US President Barack Obama to set up oil spill panel
Mr Obama's announcement on the panel is expected in the coming days
US President Barack Obama will set up a commission to investigate the oil spill in the Gulf of Mexico, officials say.
They say the panel will also examine industry practices and the government's role in the disaster.
Federal officials including Interior Secretary Ken Salazar are to face questioning by senators later.
Meanwhile, tarballs found off Florida's Key West are being tested to see if they come from the spill. Scientists fear it could travel up the east coast.
Separately, the oil giant BP says it plans to start pumping large amounts of mud into the damaged oil well in an effort to close it altogether.
Oil has been spewing into the Gulf since BP's Deepwater Horizon rig exploded on 20 April.
BP said on Tuesday it was managing to funnel the equivalent of 2,000 barrels a day of oil from the well to a tanker ship with the use of a mile-long (1.6km) tube.
That would amount to 40% of the estimated daily spill of 5,000 barrels - an estimate made by the Coast Guard and BP.
Mr Obama would establish a presidential commission by executive order, White House officials were quoted by news agencies as saying.
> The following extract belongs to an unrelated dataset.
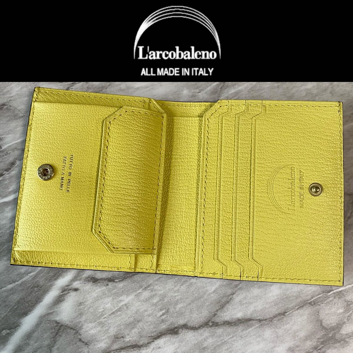 2423【新品 3.5万円】ラルコバレーノ★スナップタイプ二つ折りミニウォレット★GRAY*YELLOW★人気カラー★シンプルなデザインで使いやすい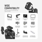 - Various Mounting Options- 1/4" threads, locating holes for ARRI, 2 cold shoe mounts on the super clamps are for action cameras, phones, webcams, monitors, LED fill lights, microphones and more photography & videography accessories, compatible with iPhone 16 15 Pro Max Plus 14 13 compatible with Samsung Galaxy compatible with GoPro Max 360 Hero 13 go pro 12 11 10 9 8 Black compatible with insta360 X4 x3 ace pro compatible with DJI compatible with mevo start. Phone holder and adapter not included

The officials, who spoke on condition of anonymity, said the commission would be similar to panels created to investigate the space shuttle Challenger disaster in 1986 and the nuclear accident at Three Mile Island in 1979.
Greenpeace's Paul Horsman says oil seems to be washing up in Louisiana
It would also study oil industry practices, rig safety, regulation and governmental oversight, including the functions of the Minerals Management Service (MMS) - the agency responsible for regulating offshore oil drilling.
Meanwhile, senior MMS official Chris Oynes said on Monday that he would step down at the end of this month.
Mr Oynes has been accused of becoming too close to the industry his agency monitors, the BBC's Madeleine Morris in Washington reports.
However, there has been no official comment on the reasons for Mr Oynes's resignation.
Mr Salazar and other officials will testify before two Senate committees on Tuesday about the federal government response to the spill.
The results of tests on the tarballs found off Florida's Key West are expected later on Tuesday. The blobs of oil can occur naturally or come from other sources, such as ships.
BP America's president, Lamar McKay, has vowed his company will deal with the spill
If they are confirmed as having come from the Louisiana spill, they would mark the farthest point east and south that the leaking oil has reached.
On Monday, top Coast Guard official Rear Adm Peter Neffenger said the Coast Guard was gearing up for the possibility the oil spill might hit Florida's southern coastline.
Rear Adm Neffenger told the Senate Committee on Homeland Security and Governmental Affairs that the government was closely watching whether the oil would be swept up into the "loop current" that moves around Florida.
"Currently it shows to be somewhere in the neighbourhood of 40-50 miles (65km-80km) from the southern edge of the spill," he said.
"We are watching that carefully and as a result of that we are preparing for potential impact on the southern Florida coast and impacts around the southern Florida coast."
Homeland Security Secretary Janet Napolitano also appeared at Monday's hearing, the first time senators were able to question officials about the response to the 20 April disaster.
Tarballs of oil are said to be more manageable
She said the government was monitoring the loop current very closely and treating it as if it were a coastline.
"In other words... if we were to see that the oil really was beginning to move toward the loop current we would begin doing some things in the way of dispersant and booming... as if the loop current itself were a piece of the coast," she said.
Senator Joseph Lieberman, who chairs the committee, said at the hearing that the government should not allow any new deep water wells to get permits or be drilled until the industry could prove it could prevent another failure of drilling equipment in deep waters or contain oil spills more effectively.
BP America's president, Lamar McKay, returned to the Senate for the hearing, having already faced questions along with other oil industry executives last week.
I think we ought to be cautious in terms of defining what plumes are out there and how they're behaving
Scientists said on Sunday they had found vast underwater plumes of oil, one 10 miles long and a mile wide, lending weight to the fears of those who believe the actual spill could be many times greater than the estimate of 5,000 barrels daily.
But Mr McKay told senators: "I think we ought to be cautious in terms of defining what plumes are out there and how they're behaving."
The US National Oceanic and Atmospheric Administration cast doubt on the plume reports, saying no definitive conclusions had been reached because the findings were unverified.
BP also said on Monday it had received 15,000 claims for compensation, and had already paid out on 2,500 claims. Experts warn that BP's total liability for the spill could run into billions of dollars.